I am so tired of coming across church people who want to argue that churches should have nothing to do with the fight for social justice for which so many of us, myself included, are doing everything we can to bring attention to. What makes it even worse is when some try to use lines from Dr. Martin Luther King’s “I Have A Dream” speech to make a point of what they believe he would’ve wanted from all of us today
Since our biased history books only want to share the more rose-colored pieces of the puzzle with us, I am going to shine a light on a specific section of Dr. King’s letter that was written while he was locked up in a Birmingham, Alabama jail. Take a few moments to read through this and learn for yourself exactly how he felt about the church’s role in what was happening in America at that time. I’m terribly disappointed to see just how much his words still hold relevance when held up next to our current issues, over 50 years later.
(Start of Excerpt.) “I had the strange feeling when I was suddenly catapulted into the leadership of the bus protest in Montgomery several years ago that we would have the support of the white church. I felt that the white ministers, priests, and rabbis of the South would be some of our strongest allies. Instead, some few have been outright opponents, refusing to understand the freedom movement and misrepresenting its leaders; all too many others have been more cautious than courageous and have remained silent behind the anesthetizing security of stained-glass windows.

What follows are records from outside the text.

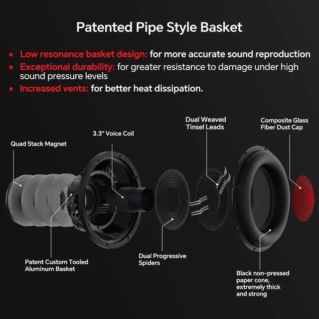 ^^ ALUMINUM BASKET: The TXX-BDC-IV-15's newly designed powdered black paint aluminum basket with a composite glass fiber dust cap, and a newly refreshed and strongly constructed dust-proof heat sink was engineered to deliver optimal sound quality. ^^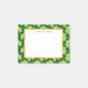 Fästande anteckningar med ett sött upprepande mönster med oliv grönt klöver mot mörk grönt bakgrund. En vit rektangel som läggs ovanpå med faux guld-folie gräns. Anpassa med din egen text.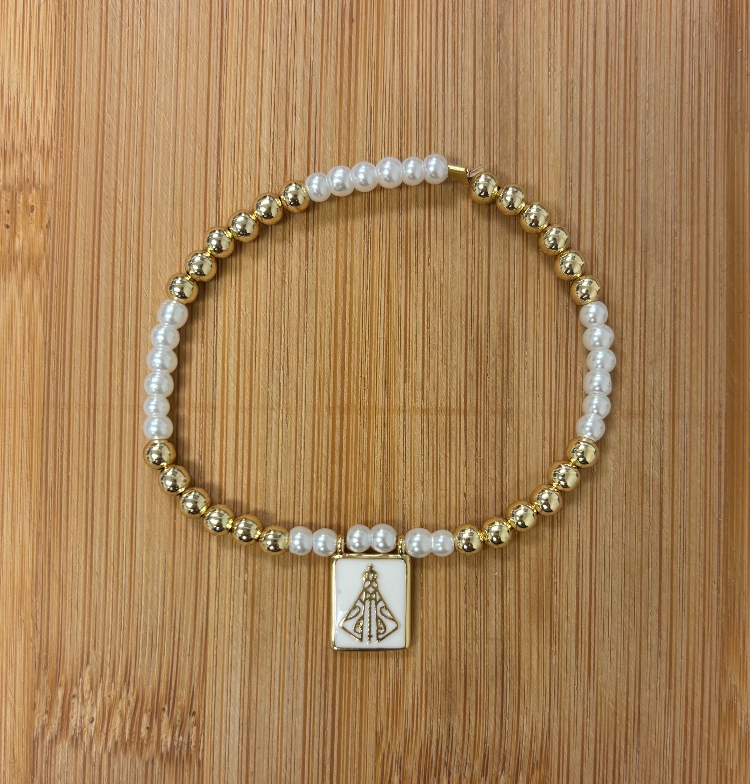 Mini Beads Elastic W/Virgin Charm Bracelet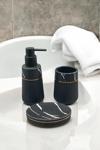 Ürün Hikayesi: Siyah mermer desenli seramik banyo seti, zarif tasarımıyla banyonuza şıklık katar. Üç parçadan oluşan set günlük kullanımda pratiklik sunar.

In spite of my shattered dreams of the past, I came to Birmingham with the hope that the white religious leadership of this community would see the justice of our cause and with deep moral concern serve as the channel through which our just grievances could get to the power structure. I had hoped that each of you would understand. But again I have been disappointed.

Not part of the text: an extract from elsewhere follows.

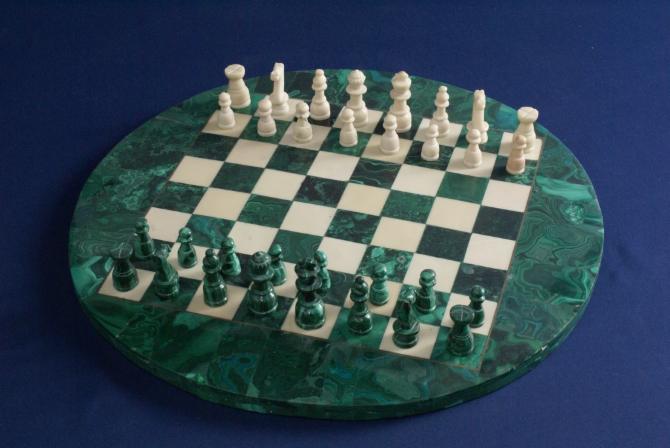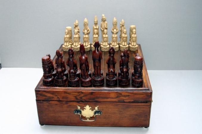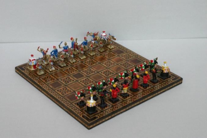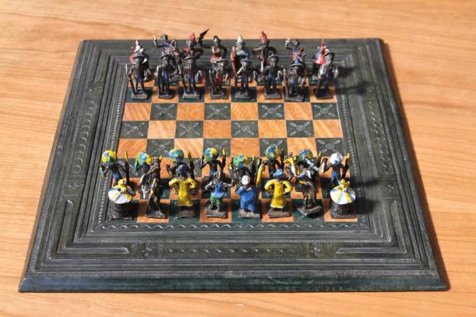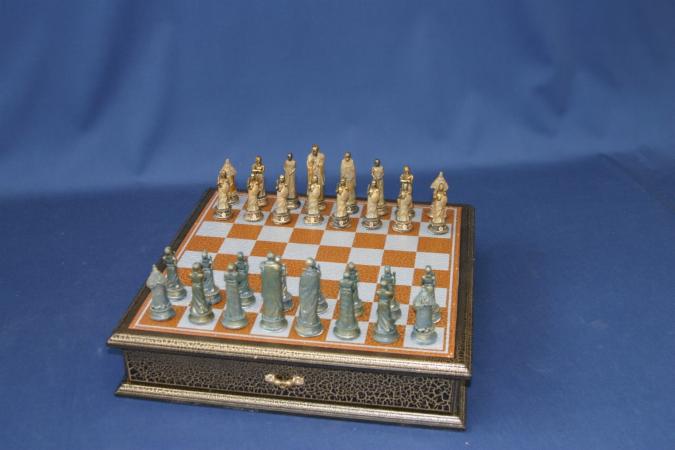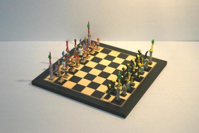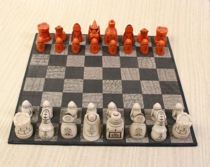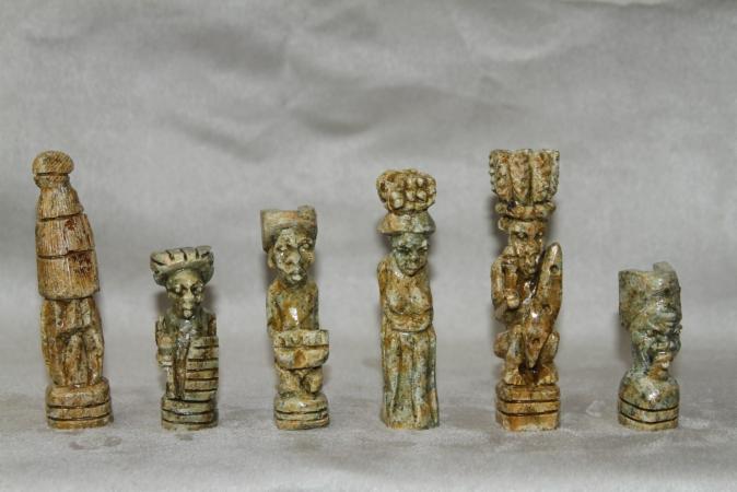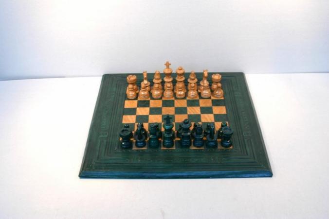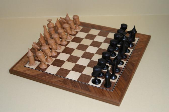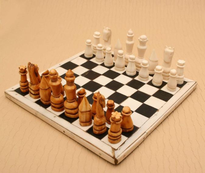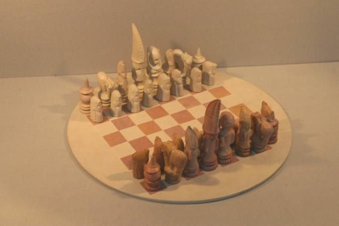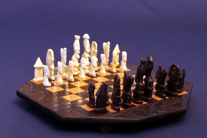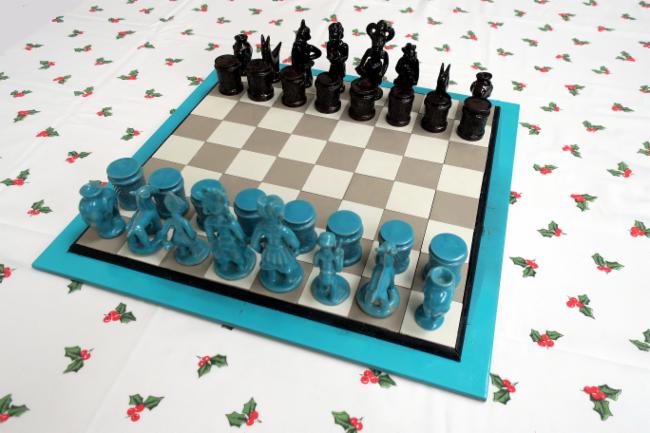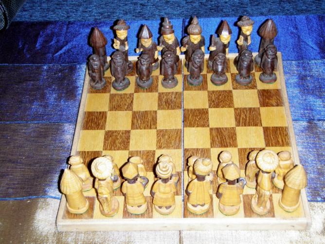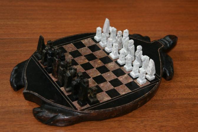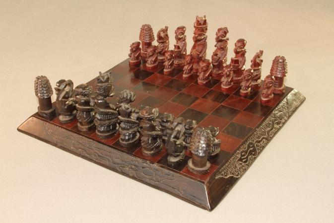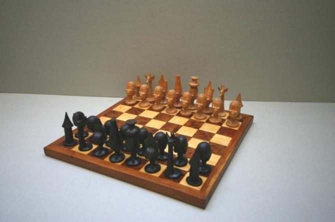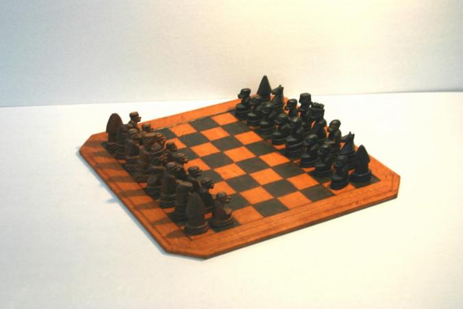 Jeu en ivoire. Ce jeu du début du 20ième siècle est unique du fait des pièces noires en ivoire peint qui semble indiquer qu'il était plus facile de trouver de l'ivoire que du bois à cette époque.

I have heard numerous religious leaders of the South call upon their worshipers to comply with a desegregation decision because it is the law, but I have longed to hear white ministers say, follow this decree because integration is morally right and the Negro is your brother. In the midst of blatant injustices inflicted upon the Negro, I have watched white churches stand on the sidelines and merely mouth pious irrelevancies and sanctimonious trivialities. In the midst of a mighty struggle to rid our nation of racial and economic injustice, I have heard so many ministers say, “Those are social issues which the gospel has nothing to do with,” and I have watched so many churches commit themselves to a completely otherworldly religion which made a strange distinction between bodies and souls, the sacred and the secular.
There was a time when the church was very powerful. It was during that period that the early Christians rejoiced when they were deemed worthy to suffer for what they believed. In those days the church was not merely a thermometer that recorded the ideas and principles of popular opinion; it was the thermostat that transformed the mores of society. Wherever the early Christians entered a town the power structure got disturbed and immediately sought to convict them for being “disturbers of the peace” and “outside agitators.” But they went on with the conviction that they were “a colony of heaven” and had to obey God rather than man. They were small in number but big in commitment. They were too God-intoxicated to be “astronomically intimidated.” They brought an end to such ancient evils as infanticide and gladiatorial contest.
Things are different now. The contemporary church is so often a weak, ineffectual voice with an uncertain sound. It is so often the arch supporter of the status quo. Far from being disturbed by the presence of the church, the power structure of the average community is consoled by the church’s often vocal sanction of things as they are.
But the judgment of God is upon the church as never before. If the church of today does not recapture the sacrificial spirit of the early church, it will lose its authentic ring, forfeit the loyalty of millions, and be dismissed as an irrelevant social club with no meaning for the twentieth century. I meet young people every day whose disappointment with the church has risen to outright disgust. I hope the church as a whole will meet the challenge of this decisive hour.” (End of excerpt.)
At the end of the day, I want everyone who reads this to know that I absolutely love being a part of the Church and would not trade it for anything in the world. However, for those who want to continue arguing that churches and pastors should have no role to play in the social justice arena—I suggest you stop trying to validate your stance by using the few pieces of Dr. King’s words that you remember and do not feel challenged by.
Instead, I dare every Christian, every pastor, and every church to read through this entire letter and ask yourself if Dr. King would have seen you as one of his “strongest allies,” or as an “outright opponent.” I know what side I would have been on—what about you?
I have tried to make it clear that it is wrong to use immoral means to attain moral ends. But now I must affirm that it is just as wrong, or even more, to use moral means to preserve immoral ends.”